With **larger C (100)**, the optimization penalizes violations strongly, producing a **narrower margin** and often **fewer support vectors**; the boundary becomes **more flexible** and may overfit.

## Question 2 — Hyperparameter Tuning with Cross‑Validation (0.15 pts)
**Task.** Same Hitters features.
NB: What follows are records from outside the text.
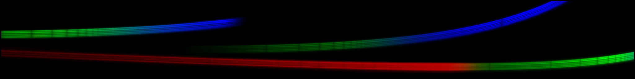 2022-06-27 - Image de test obtenue avec le NIRISS en mode SOSS pendant qu'il cible une étoile brillante. Chaque couleur correspond à une longueur d'onde précise dans l'infrarouge comprise entre 0,6 et 2,8 microns. Les lignes noires dans les spectres sont la signature des atomes d'hydrogène présents dans l'étoile. Le NIRISS est une contribution de l'Agence spatiale canadienne. Il fournit des capacités d'observation uniques en complément des autres instruments embarqués sur le télescope Webb. (Sources : Agence spatiale canadienne, NASA, Loïc Albert, Université de Montréal, Équipe NIRISS.)
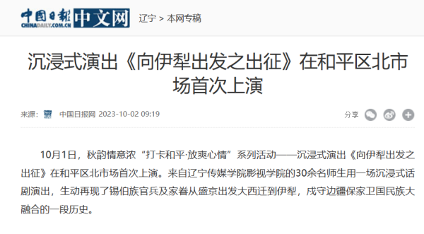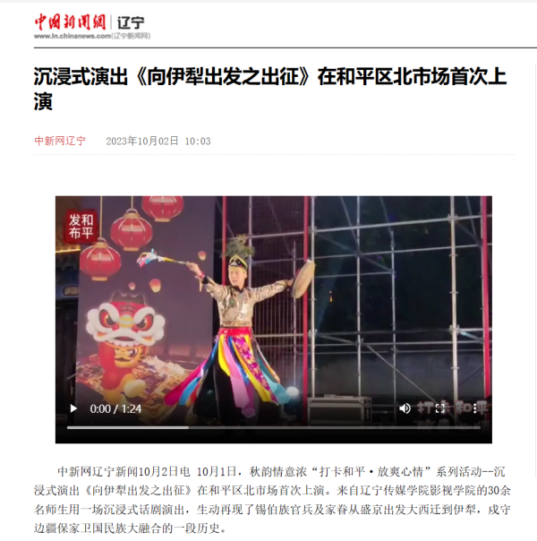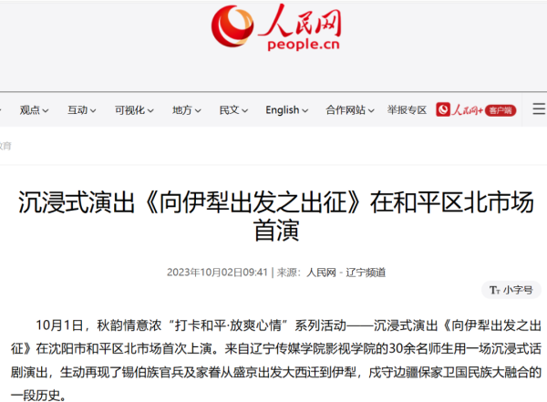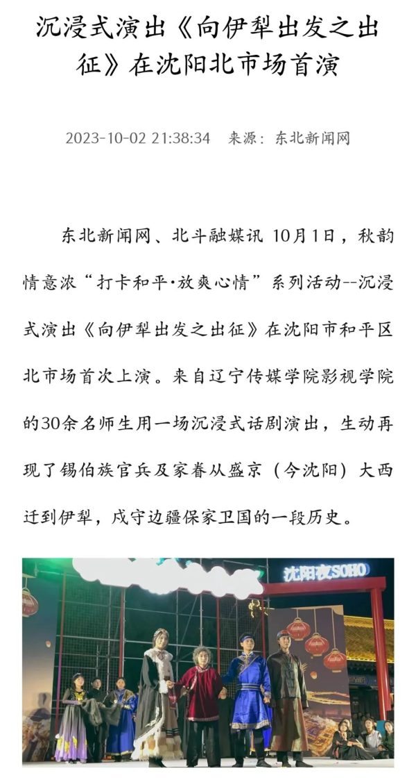 近日,人民日报、中国日报、中国新闻网、东北新闻网等全国30余家媒体争先报道:beat365在线唯一官网原创锡伯族大西迁剧目《向伊犁出发》在沈阳老北市场沉浸式上演,生动再现了锡伯族官兵及家眷从盛京出发到伊犁,戍守边疆保家卫国的一段历史。
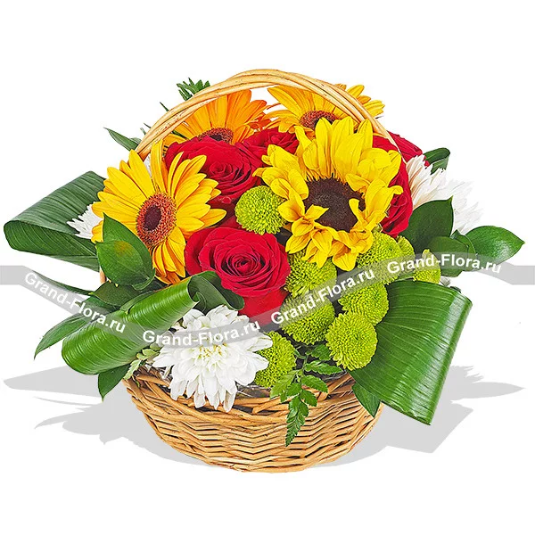 Стандартный (на фото): роза красная - 5 шт, гербера желтая - 3 шт, подсолнух - 1 шт, хризантема кустовая зеленая - 2 шт, хризантема кустовая белая - 1 шт, папаратник - 3 шт, лист аспидистры - 3 шт, рускус, оазис, корзина.

Do 5‑fold `GridSearchCV` over `C = [0.01, 0.1, 1, 10, 100]` for a linear SVM. Report **best C**, **best CV accuracy**, and **all mean CV scores**. Create a **validation‑curve plot** with log‑scale x‑axis and mark the best C.

In [None]:
# Q2 — 5-fold CV grid over C
Cs = [0.01, 0.1, 1, 10, 100]
pipe = make_pipeline(StandardScaler(), SVC(kernel='linear', random_state=42))
cv = KFold(n_splits=5, shuffle=True, random_state=42)
grid = GridSearchCV(pipe, {'svc__C': Cs}, cv=cv, scoring='accuracy', refit=True)
grid.fit(X, y)
best_C = grid.best_params_['svc__C']
best_cv = grid.best_score_
print('Q2 — Best C:', best_C)
print('Q2 — Best CV accuracy:', round(best_cv, 4))
means = [grid.cv_results_['mean_test_score'][i] for i in range(len(Cs))]
res = pd.DataFrame({'C': Cs, 'mean_cv_accuracy': means})
display(res)
plt.figure(figsize=(6,4))
plt.semilogx(Cs, means, marker='o')
plt.xlabel('C (log scale)'); plt.ylabel('Mean CV Accuracy')
plt.title('Validation Curve — Linear SVM (CHits, CWalks)')
plt.grid(True, alpha=0.3)
plt.scatter([best_C], [grid.best_score_], s=80, facecolors='none', edgecolors='r', label=f'Best C={best_C}')
plt.legend(); plt.show()

## Question 3 — RBF Kernel and Model Comparison (0.175 pts)
**Task.** Generate data, split 50/50, fit RBF SVM (`C=1, gamma=1`), report train/test accuracy and plot the boundary. Then fit `gamma ∈ {0.1,1,10}` and plot **ROC curves** for all three on one figure; explain briefly which gamma is best and how `gamma` controls complexity.

In [None]:
# Q3 — synthetic data and RBF comparisons
np.random.seed(42)
Xsyn = np.random.randn(200, 2)
Xsyn[:100] += 2
Xsyn[100:150] -= 2
y_syn = np.array([1]*150 + [2]*50)
y_syn01 = (y_syn == 2).astype(int)
Xtr_s, Xte_s, ytr_s, yte_s, ytr01, yte01 = train_test_split(
    Xsyn, y_syn, y_syn01, test_size=0.5, random_state=42, stratify=y_syn
)
rbf1 = make_pipeline(StandardScaler(), SVC(kernel='rbf', C=1, gamma=1, probability=True, random_state=42))
rbf1.fit(Xtr_s, ytr_s)
acc_tr = accuracy_score(ytr_s, rbf1.predict(Xtr_s))
acc_te = accuracy_score(yte_s, rbf1.predict(Xte_s))
print('Q3 — RBF gamma=1: Train acc =', round(acc_tr,3), ', Test acc =', round(acc_te,3))
fig, ax = plt.subplots(figsize=(5,4))
Xtr_scaled = rbf1.named_steps['standardscaler'].transform(Xtr_s)
plot_svm(rbf1.named_steps['svc'], Xtr_scaled, (ytr_s==2).astype(int), title='RBF SVM (gamma=1) — train (scaled)', ax=ax)
plt.show()

gammas = [0.1, 1, 10]
plt.figure(figsize=(6,5))
for g in gammas:
    pipe = make_pipeline(StandardScaler(), SVC(kernel='rbf', C=1, gamma=g, probability=True, random_state=42))
    pipe.fit(Xtr_s, ytr_s)
    proba = pipe.predict_proba(Xte_s)[:,1]
    fpr, tpr, _ = roc_curve((yte_s==2).astype(int), proba)
    from sklearn.metrics import auc
    AUC = auc(fpr, tpr)
    plt.plot(fpr, tpr, label=f'gamma={g} (AUC={AUC:.3f})')
plt.plot([0,1],[0,1],'k--', lw=1)
plt.xlabel('False Positive Rate'); plt.ylabel('True Positive Rate')
plt.title('ROC Curves — RBF SVM on Synthetic Data')
plt.legend(loc='lower right'); plt.grid(True, alpha=0.3); plt.show()

**Short Interpretation (Q3).**  
Typically, **gamma≈1** gives the best balance on this dataset: it captures the non‑linear boundary without overfitting, yielding the highest AUC/accuracy among the three.  
A **smaller gamma (0.1)** yields smoother, high‑bias boundaries that may **underfit**. A **larger gamma (10)** produces highly wiggly boundaries with **high variance/overfitting**, hurting test performance.

---
### Submission Checklist (Lab 9)
- [ ] Run all cells so outputs and plots are visible.
- [ ] Save the notebook after execution.
- [ ] Push to your AAE 722 GitHub repo (shared with Pragya & Jing).
- [ ] Share the **direct link** to this Lab 9 notebook on Canvas and verify the link opens the notebook file directly.
- [ ] Ensure each question is clearly labeled and includes the requested plots and short discussion.